$(a,b)$ is algebraically independent over $K$ iff $a$ is algebraically independent over $K$ and $b$ is algebraically independent over $K(a)$

Question

I’m using the following definition of algebraic independence:

If $K \subset L$ is a field extension, and $(\alpha_i)_{i\in I}$ is a subset of elements of $L$, we say that the subset $(\alpha_i)_{i\in I}$ is algebraically independent if the $K$-algebras homomorphism $K[(x_i)_{i\in I}]\rightarrow L$ such that $x_i \mapsto \alpha_i$ is injective.

Here, if I understand correctly, $K[(x_i)_{i\in I}]$ is the polynomial ring over $(x_i)_{i\in I}$. Please correct me if I’m wrong.

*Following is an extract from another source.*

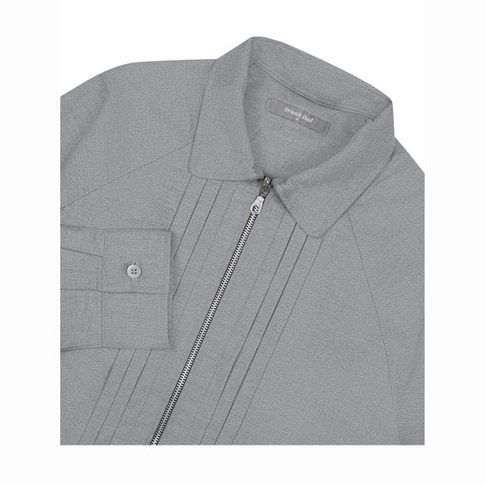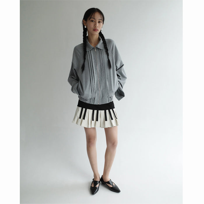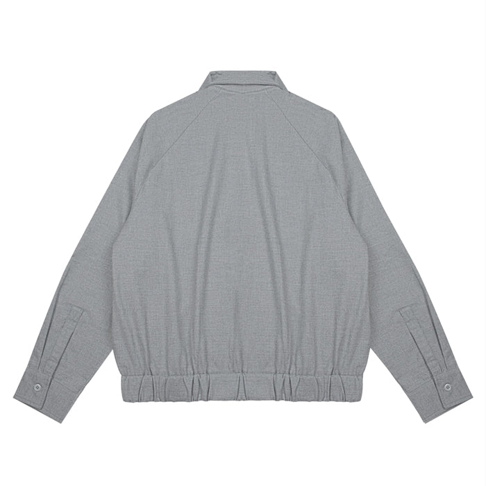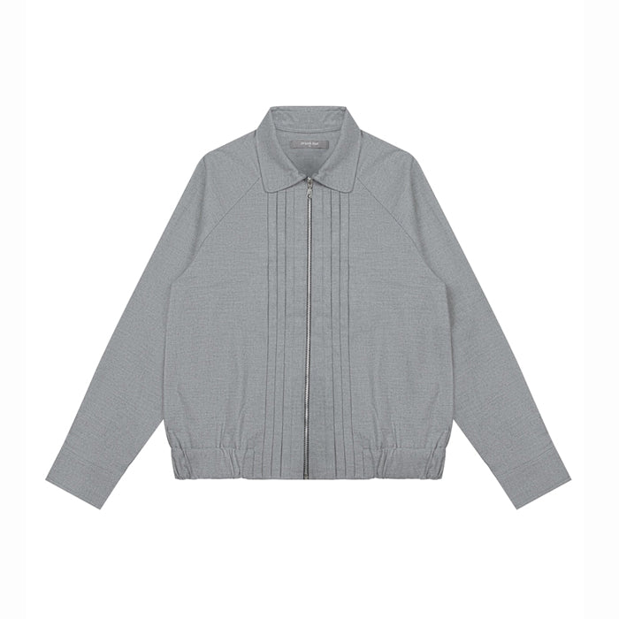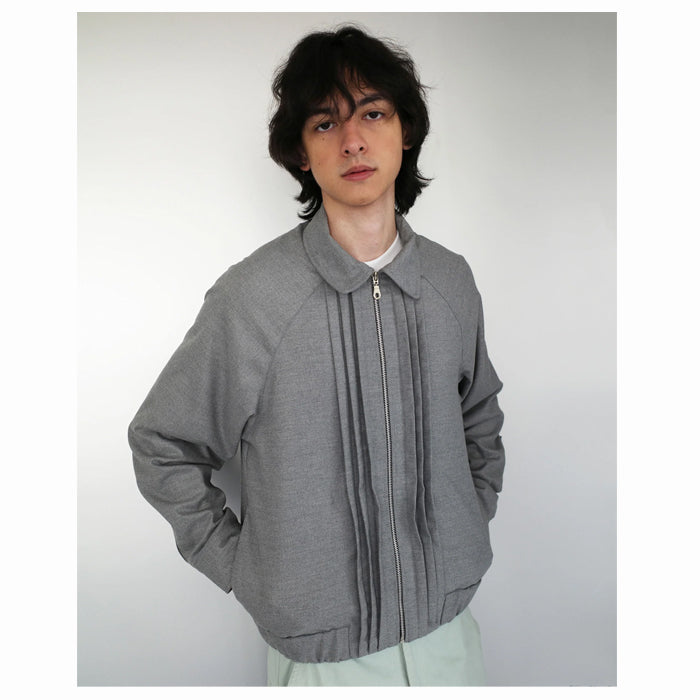 Grey unisex jacket in polyester blend with raglan sleeves and front pleated details. Jacket comes with elasticated waist on the bottom hem and side pockets

I also know that $(a,b)$ being algebraically independent over $K$ doesn’t follow in general from $a$ and $b$ being algebraically independent over $K$ (counterexemple taken from Wikipedia: $a=\sqrt{\pi}$, $b=2\pi+1$). However, I’d like to prove that $(a,b)$ is algebraically independent over $K$ iff $a$ is algebraically independent over $K$ and $b$ is algebraically independent over $K(a)$ (the statement is given without proof on my lecture notes).

I guess if $(a,b)$ is algebraically independent over $K$, then this means by definition that the morphism $K[x_1,x_2] \rightarrow L$ is injective, and then it’s restriction $K[x_1] \rightarrow L$ is injective too. Then $a$ is algebraically independent over $K$. We should see now that the morphism $K(a)[x_2] \rightarrow L$ such that $x_2 \mapsto b$ is injective too, but I’m not really sure how to do that.

For the other direction, I don’t really know what to attempt. Any help would be appreciated.

Answer 1

"the morphism $K(a)[x_2]\to L$ such that $x_2 \mapsto b$ is injective too" because its kernel is $$\{P(a,x_2)/Q(a)\mid Q\in K[x_1],Q\ne0, P\in K[x_1,x_2],P(a,b)=0\}$$$$=\{P(a,x_2)/Q(a)\mid Q\in K[x_1],Q\ne0,P=0\}=\{0\}.$$

For the other direction, assume that both morphisms $K[x]\to L,P(x)\mapsto P(a)$ and $K(a)[y]\to L,P(a,y)/Q(a)\mapsto P(a,b)/Q(a)$ are injective, i.e.:

1. the only polynomial $P(x)\in K[x]$ s.t. $P(a)=0$ is $P(x)=0$ and
2. every polynomial $P(x,y)\in K[x,y]$ s.t. $P(a,b)=0$ satisfies: $P(a,y)$ is the $0$ polynomial in $L[y].$

Then, such a polynomial $P(x,y)=\sum_{k=0}^nP_k(x)y^k$ satisfies: $\forall k\quad P_k(a)=0$ by 2., hence $\forall k\quad P_k(x)=0$ by 1., i.e. $P(x,y)=0,$ q.e.d.